Cash Flow From Investing Activities - Net cash flow used for investing activities decreased $2.9 million between periods, primarily due to a decrease in payments for property and equipment on the plant’s expansion and BPX™ project. The total cost of the plant’s expansion and BPX™ project is $42.3 million, of which $33 million is financed with debt from our lender and the remainder with cash from operations.
Cash Flow From Financing Activities - Net cash used for financing activities decreased by $9.7 million between periods, primarily due to the receipt of $14.0 million from our lender to pay for the plant’s expansion, BPX™ project and grain bin expansion. The $14.0 million increase was offset by a $4.5 million increase in distributions paid to Northern Growers’ members and the minority member of POET Biorefining – Big Stone.

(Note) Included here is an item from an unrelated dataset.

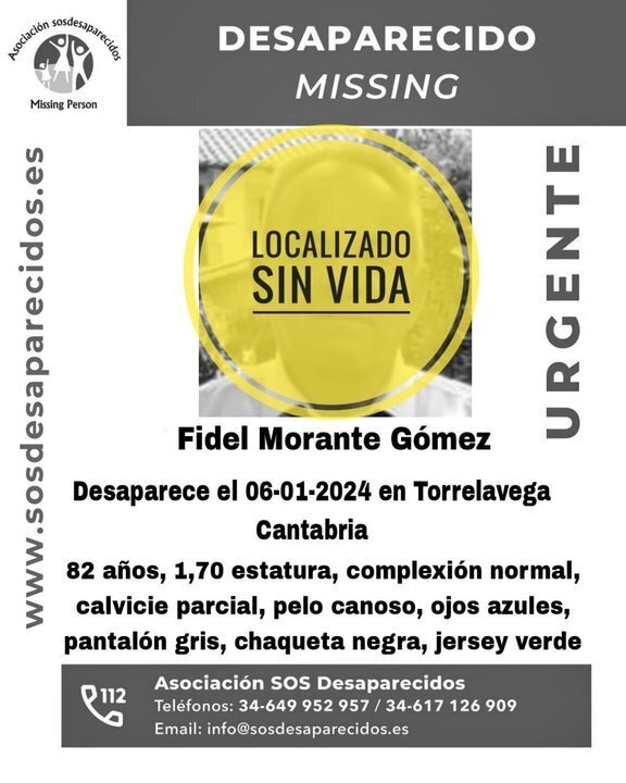 El hombre, Fidel Morante, de 82 años de edad, pareció haberse desorientado el pasado 6 de enero, día de Reyes. Desde entonces, estaba perdido en cualquier punto de la comarca del Besaya, vistiendo pantalón gris, chaqueta negra y un jersey verde, mide 1,70m y es de complexión normal, según la descripción aportada por la familia el día de la desaparición.

We believe that cash flows from operations and our revolving debt will be sufficient to meet our expected capital and liquidity requirements for the foreseeable future. However, because we anticipate less cash flow from operations due to ethanol market conditions, we may rely more on our revolving debt to fund operations. Until we see an improvement in ethanol market conditions, we do not anticipate paying distributions to our members.
Indebtedness
We have six notes and loans outstanding under our current loan agreement with our lender, US Bank: 1) a $33.0 million term note; 2) a $15.8 million fixed-rate note; 3) a $3.9 million variable-rate, non-revolving note; 4) an $8 million variable rate, revolving
8
note; 5) a $9 million variable rate, revolving note; and 6) a $4.3 million variable rate note.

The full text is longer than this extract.